For each record that follows, give it back exactly, with no pictures included.

====== Given records

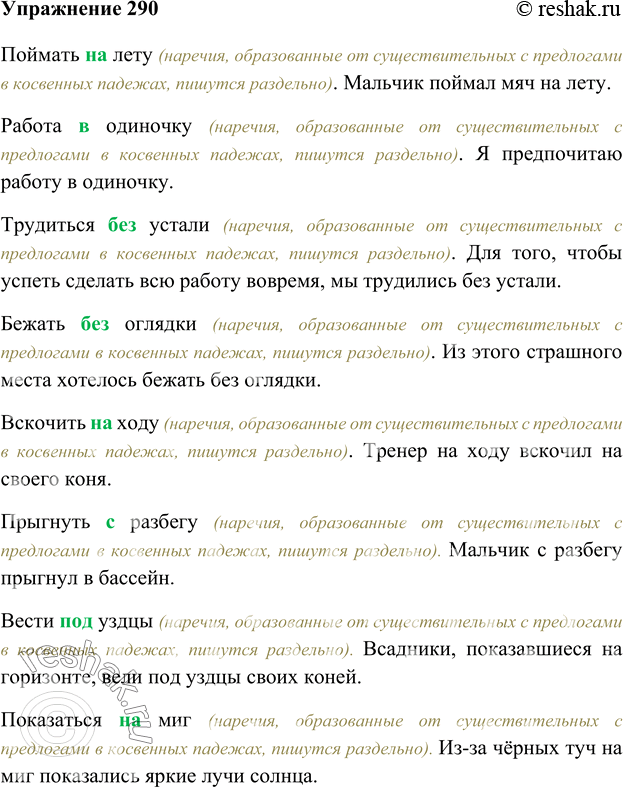 Поймать (на)лету, работа (в)одиночку, трудиться (без)устали, бежать (без)оглядки, вскочить (на)ходу, прыгнуть (с)разбегу, показаться (на)миг, поднять (на)скаку, сделать (на)глазок, говорить (без)умолку, удариться (с)налёту, идти (в)обнимку.
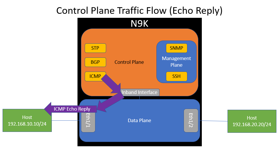When the control plane receives this ICMP Echo Request packet through the inband interface, it will inspect it and “route” it to the ICMP software process so that the ICMP process can handle it accordingly.
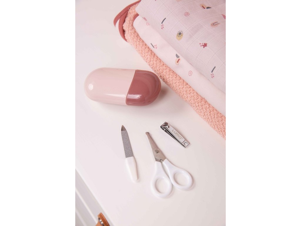 - Manikúra sa dodáva v praktickom puzdre v niekoľkých atraktívnych farbách a je súčasťou širšej série kúpeľňových produktov Luma Babycare, ktoré sú plne recyklovateľné.
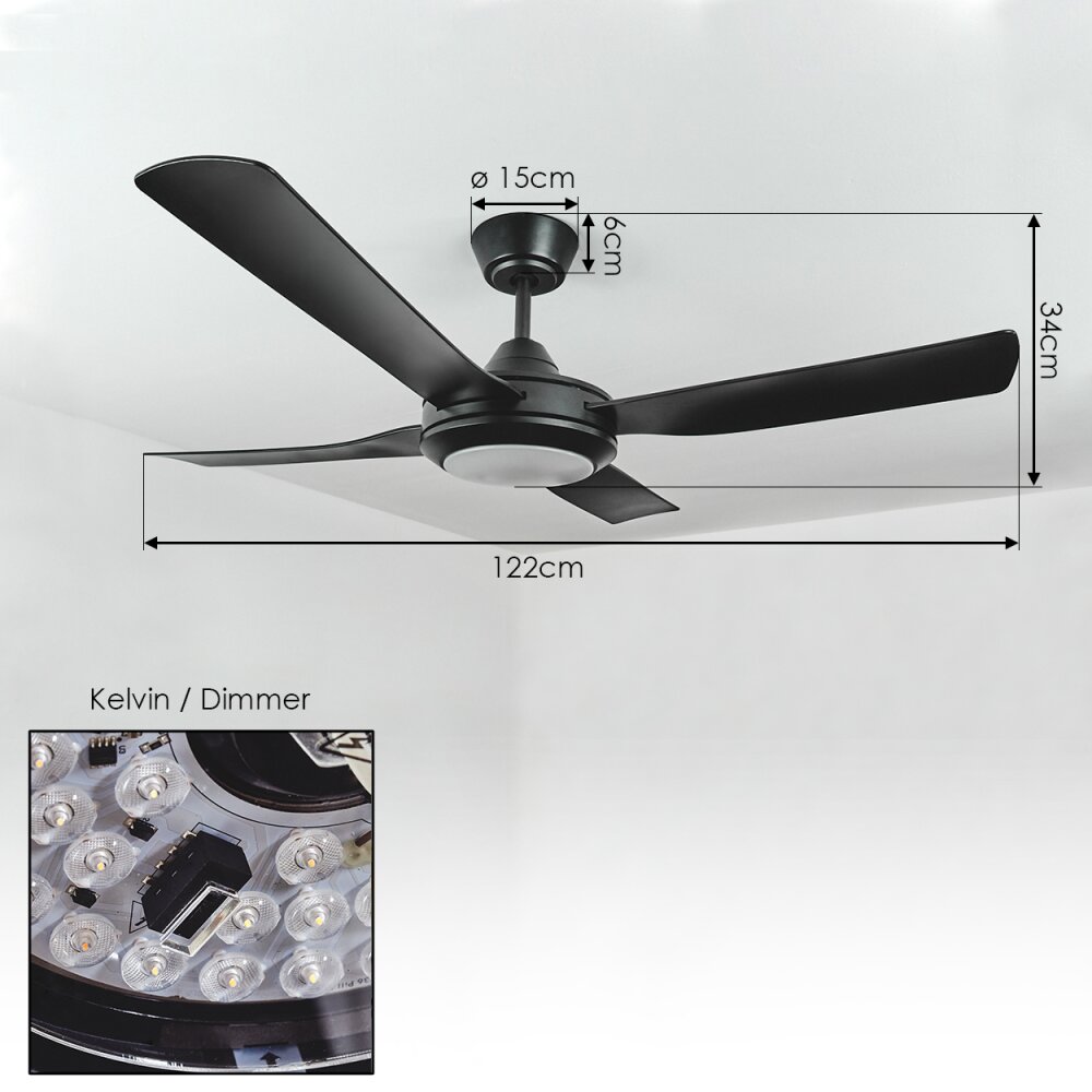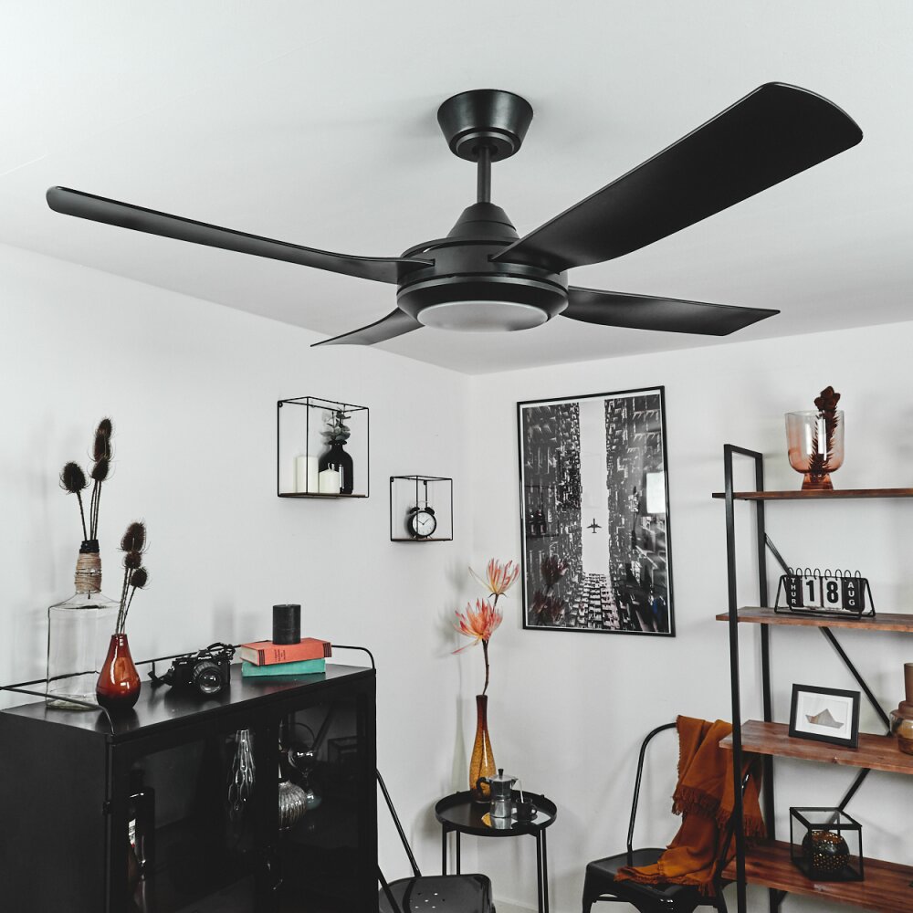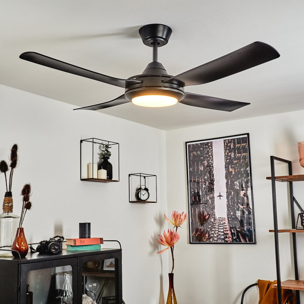Tjerne plafondventilator LED Zwart, 1-licht, Afstandsbediening
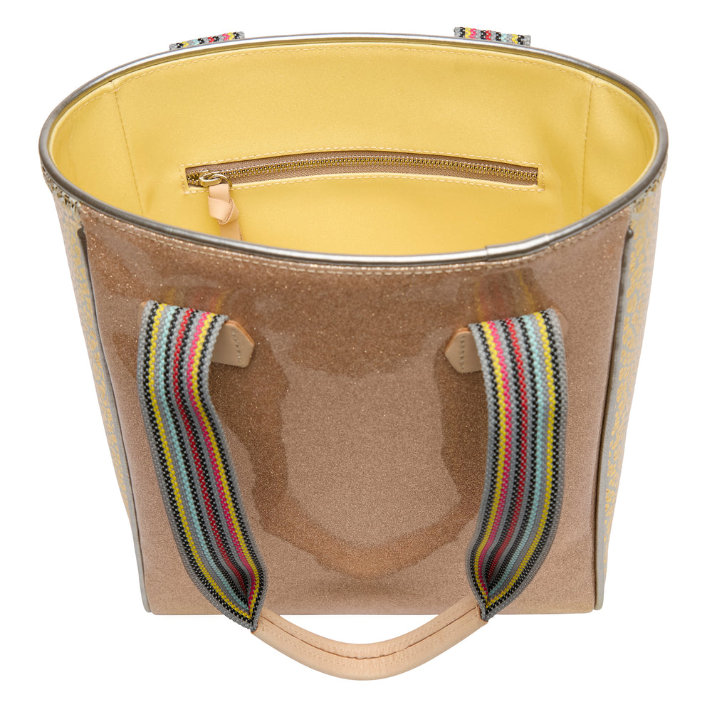 Our Chica Tote is the little sister to our Thelma Classic Tote. With a slim silhouette perfect for life-on-the-go, the Chica carries all you need with ease. Topped with comfortable woven handles, this multi-functional tote is trimmed in natural leather and crafted to hold its shape. Our tote features a roomy interior and pockets.
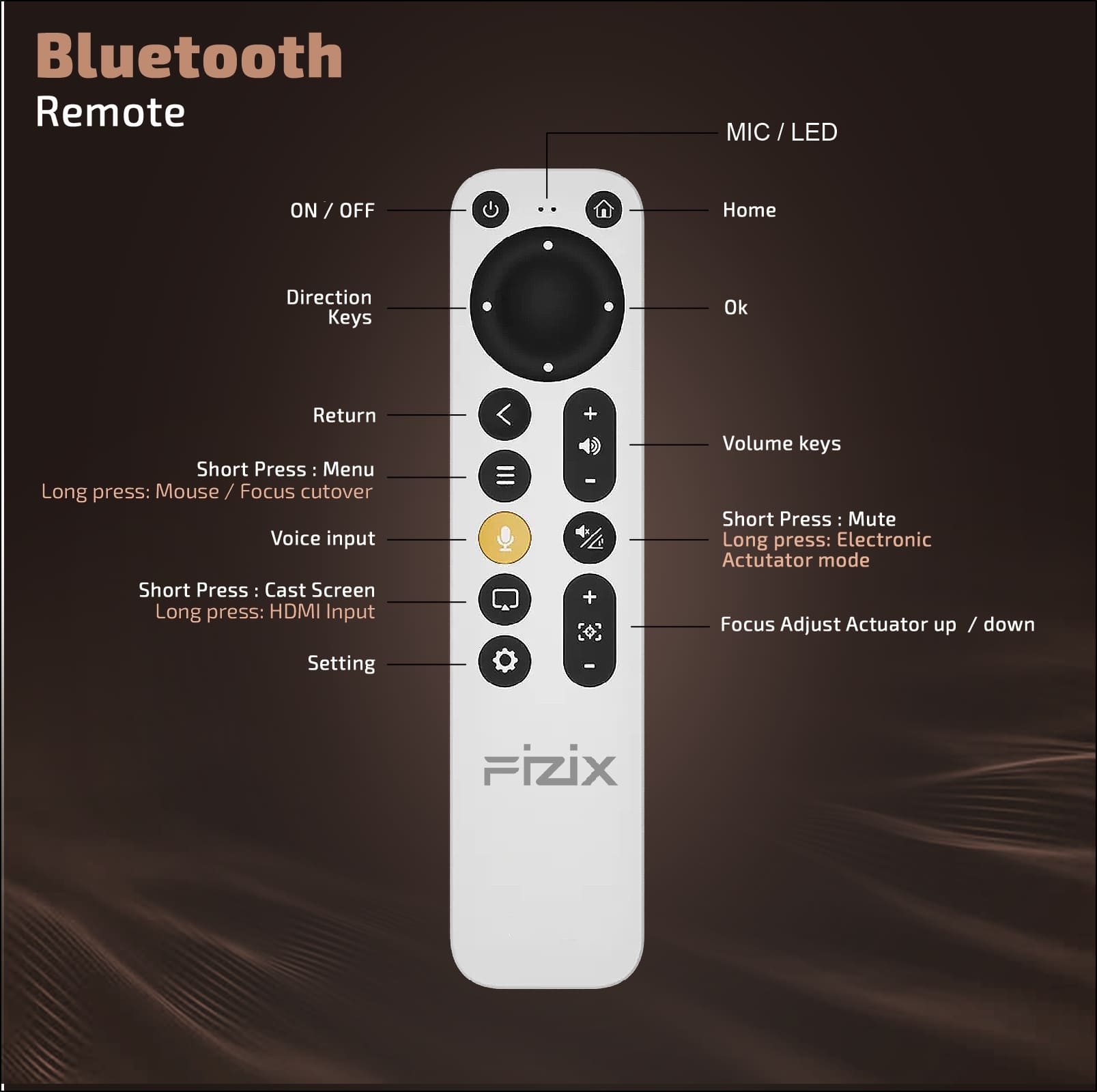 | Remote | Bluetooth Remote with Voice Assistant | Standard IR Remote |

============

- Answer below -
 Поймать (на)лету, работа (в)одиночку, трудиться (без)устали, бежать (без)оглядки, вскочить (на)ходу, прыгнуть (с)разбегу, показаться (на)миг, поднять (на)скаку, сделать (на)глазок, говорить (без)умолку, удариться (с)налёту, идти (в)обнимку.
When the control plane receives this ICMP Echo Request packet through the inband interface, it will inspect it and “route” it to the ICMP software process so that the ICMP process can handle it accordingly.
 - Manikúra sa dodáva v praktickom puzdre v niekoľkých atraktívnych farbách a je súčasťou širšej série kúpeľňových produktov Luma Babycare, ktoré sú plne recyklovateľné.
Tjerne plafondventilator LED Zwart, 1-licht, Afstandsbediening
 Our Chica Tote is the little sister to our Thelma Classic Tote. With a slim silhouette perfect for life-on-the-go, the Chica carries all you need with ease. Topped with comfortable woven handles, this multi-functional tote is trimmed in natural leather and crafted to hold its shape. Our tote features a roomy interior and pockets.
 | Remote | Bluetooth Remote with Voice Assistant | Standard IR Remote |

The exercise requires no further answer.